A short taxi ride from our hotel was Rick’s Cafe (http://www.rickscafejamaica.com), a bar made famous by the daredevils that go there to jump from the tall cliffs into the crystal clear blue sea that surrounds it. It’s also well known for it’s optimal location to catch the best view of the sunset. We arrived an hour before sunset, something we were advised to do in order to get the best view and also to give us time to join in with the locals in jumping from the cliff 85 ft above sea level. I was full of bravado before I arrived but felt slightly more cautious when I saw people somersaulting off the edge! After watching for a little while I decided against it but Alex was keen to give it a go so off he went and I watched with baited breath as he launched himself into the sea. Of course I didn’t hear anything else other than what a wimp I was for the rest of the evening as he soaked up the glory of people clapping and cheering him! Alex dried off and we grabbed a Rick’s World Famous Rum Punch and Sex with Rick (a cocktail of course!). After watching the sunset, we had dinner overlooking the ocean and listened to the Bob Marley tribute band before heading back to the hotel. It was a perfect evening and one that I will never forget.

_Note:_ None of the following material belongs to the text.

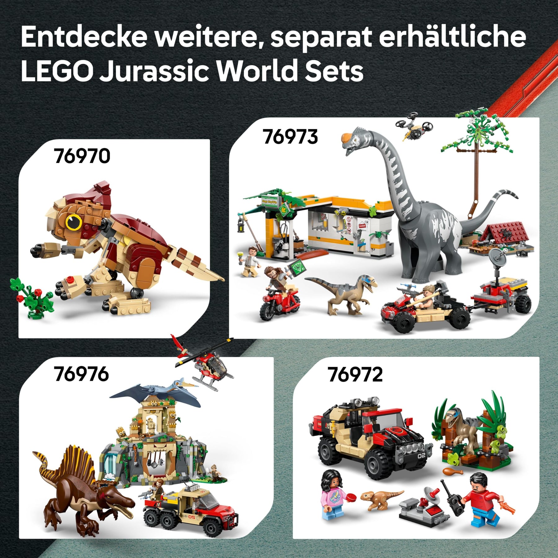 Mit diesem detailreichen LEGO Jurassic World Bauset können Kinder und Fans ab 5 Jahren eine spannende Filmszene aus Jurassic World Rebirth nachspielen oder eigene Dino-Abenteuer darstellen. Flucht vor dem T.Rex (76975) ist ein leicht zu bauendes LEGO Spielset und ein tolles Geschenk für Jungen und Mädchen ab 5 Jahren. Das Set beinhaltet einen gegossenen T.Rex, der Arme, Beine, Schwanz, Kopf und Maul bewegen kann. Auch die beiden Minifiguren Teresa Delgado und Xavier Dobbs laden zum Spielen ein. Es gibt auch einen Schuppen, der zerstört werden kann, ein Bootkatapult, ein Boot und ein Quad für viele spannende Abenteuer. Die LEGO Builder App nimmt Kinder auf ein intuitives Bauabenteuer mit. In der App können sie 3D-Ansichten der Modelle vergrößern und drehen, Baumodelle speichern und den Baufortschritt verfolgen. Dieses Bau- und Spielset ist ein tolles Geburtstags- oder Weihnachtsgeschenk, das jüngere Kinder, die Abenteuer und Dinosaurier lieben, mit großer Begeisterung ins Jurassic World Universum eintauchen lässt. Für noch mehr Spielspaß lassen sich diese Dinosaurier Figuren und Modelle auch mit anderen separat erhältlichen LEGO Jurassic World Sets kombinieren. Das Spielset besteht aus 199 Teilen. Mit dem angebauten Steg und dem Boot ist der Schuppen 8 cm hoch, 20 cm breit und 14 cm tief Enthält 199 Teile

We went on a few excursions on the holiday – one being to dolphin cove in Negril. When we arrived we regressed to being 5 years old as we were so excited! We were told lots of facts about the Dolphins themselves and were given an insight into a typical day of a dolphin trainer. It was fascinating and we were told that as the Dolphins were not in a pool but in a lagoon within the sea, they were free to leave anytime as they could easily jump the barriers that enclosed them within the lagoon. Apparently Dolphins, as creatures, crave attention and so that is what keeps them there. It was brilliant. We each got kisses, a ride with the Dolphins and they performed various tricks for us. Only on the way back to our hotel did I realised that it was a Monday. As far as Monday’s go, this was one of the better ones I’ve had!

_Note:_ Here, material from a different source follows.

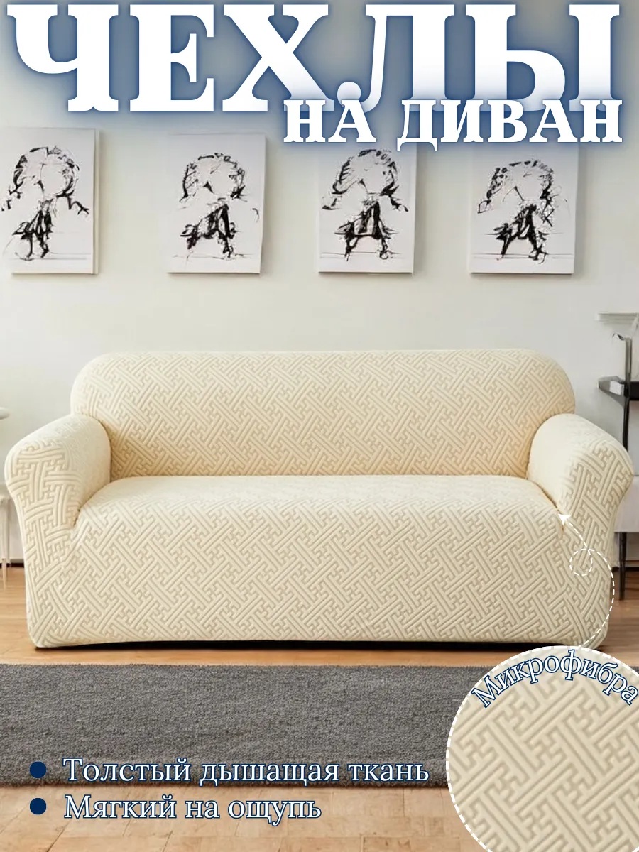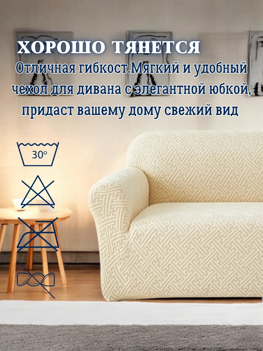 Чехол на 3-местный диван, без оборки, жаккард, кремовый, крем-брюле, кремово-белый

Our next trip out of the resort was to Mystic Mountain, a zip-lining and Bob-sledding adventure in the rainforest near Ocho Rios (http://www.rainforestadventure.com/jamaica-mystic-mountain). It was here that I really felt like I was in Jamaica! We ziplined through the trees (and giant spider webs!!! 😁), rode the bobsled (inspired by the famous Jamaica bobsled Olympic team) and ate typical Jamaica cuisine for lunch – jerk chicken – delicious! Alex wore the GoPro head cam while we took part in all the activities which meant we got some great footage of us zooming through the jungle at high speed! We also got a ride in the sky explorer, a chair lift that takes you 700ft above the rainforest which gave you the most amazing view of Ocho Rios.

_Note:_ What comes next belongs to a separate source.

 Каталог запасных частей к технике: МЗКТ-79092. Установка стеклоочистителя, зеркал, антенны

After lunch we took a coach to the nearby Dunns River Falls (http://www.dunnsriverfallsja.com). This was my favourite experience while in Jamaica. We started right at the bottom of the waterfall and climbed up the rocks to the top, stopping to relax and have pictures taken every now and then in the various rock pools and lagoons. The water was absolutely freezing but our guide was great – energetic, full of enthusiasm and totally in love with his country – something we found was true with all the locals which was so nice to experience!
The relaxed vibe of the Caribbean islands is like no other and the people of Jamaica are some of the nicest people I’ve ever met. Everything about our holiday was IRIEEEE!!! and we will definitely be returning in the not so distant future.